Autre point important du contrat, les mois d’échéance. Il s’agit de la date de livraison théorique à laquelle les contrats se réfèrent. Dans les faits, c’est plus souvent la limite de temps pour acheter ou vendre ce contrat, avant de se retrouver dans l’obligation de l’exécuter. En cas d’exécution justement, chaque contrat comporte une liste de points de livraison liée au produit. Les ports de Rouen, Dunkerque ou Montoir par exemple en blé meunier, des points de chargement de barges du Rhin en colza ou des silos de La Rochelle ou Blaye en maïs.
Élément crucial du contrat lorsque l’on souhaite l’utiliser uniquement pour de la gestion du risque prix, la quantité. Pour les produits agricoles cotés sur le Matif en France, chaque contrat équivaut à 50 tonnes.
Un miroir du marché physique
Si l’utilisation des marchés à terme ne garantit pas un prix élevé pour le vendeur ou bas pour l’acheteur, il peut permettre de fixer son prix dès qu’un niveau satisfaisant pour l’opérateur est atteint. Pour cela, il faut que les opérations sur les marchés à terme soient inverses à celle du terrain, c’est-à-dire le marché physique. Quand un prix objectif est atteint, un producteur de céréales qui anticipe sa production va ainsi pouvoir vendre sur le marché à terme via des contrats, le volume équivalent. Au moment d’effectivement vendre et livrer sa marchandise à son organisme stockeur, il devra alors racheter le ou les contrats qu’il avait précédemment vendu sur le marché à terme et retrouver une position neutre. Les transactions sur les marchés à terme comportent les avantages d’être transparentes, avec des cotations quotidiennes et connues de tous, mais aussi d’être suffisamment « liquides » pour que tous les opérateurs, petits ou gros, parviennent à tout moment à trouver une contrepartie acheteuse ou vendeuse et éviter le risque de devoir exécuter un contrat.
Les options en option
La couverture du risque stricte sur les marchés à terme constitue l’utilisation basique de cet outil. Pour une utilisation plus avancée, il existe la possibilité d’utiliser des options.

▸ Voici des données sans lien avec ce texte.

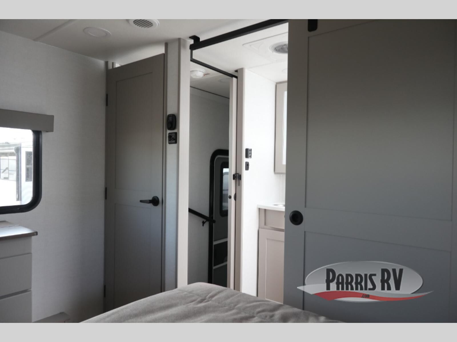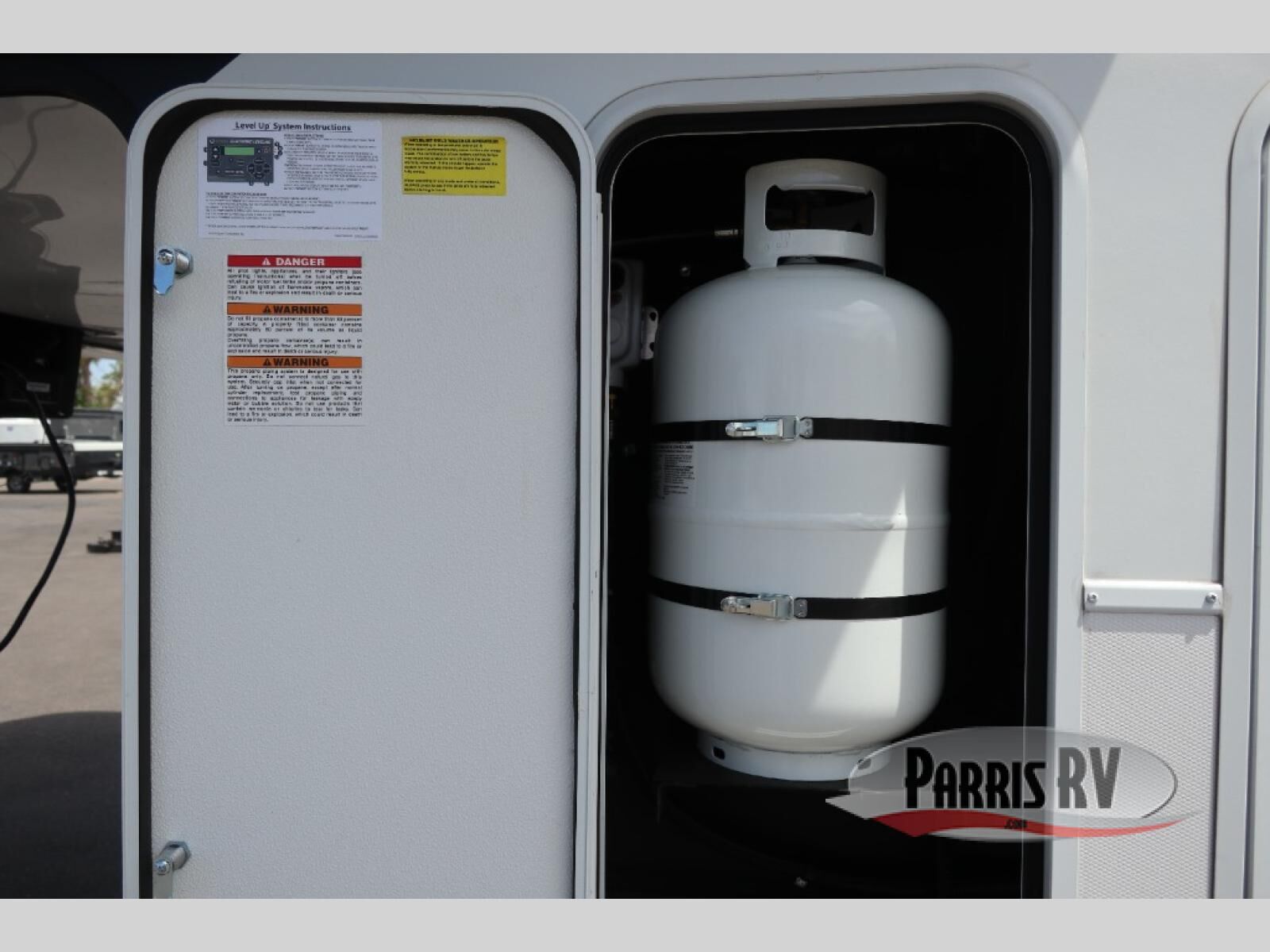 The whole family will have a fun time camping in this toy hauler! You can easily load up your toys into the 11' garage area with the 8' weather resistant ramp door and keep them filled with the dual 30 gallon fuel tanks. Once you unload your toys from the garage area, you can set up the opposing HappiJac sofas with a queen mattress above them, the loft that opens to the living room, and the half bathroom. The kitchen has everything you need to prepare your best meals including two hutches, three pantries, and a kitchen island with two bar stools to enjoy your morning coffee and eggs. The dual entry bathroom has a 48" x 30" shower and leads directly into the front private bedroom. Inside the bedroom is a king bed slide for more floor space, a flip top dresser, and a front wardrobe with washer and dryer prep!

Ces options fonctionnent comme des assurances, avec le coût associé. Deux types d’options existent. Le « call » qui est en fait un droit à acheter des contrats à terme ou le « put », qui donne, lui, le droit de vendre des contrats à terme, les deux moyennant une prime. Une multitude de stratégies existent pour profiter des opportunités de marché à condition d’être à même de dégager le temps nécessaire pour suivre les marchés. Dans tous les cas, il est bon d’être accompagné d’un conseiller car à l’opposé de la grande majorité des contrats proposés par un OS, cette solution peut présenter des risques financiers importants.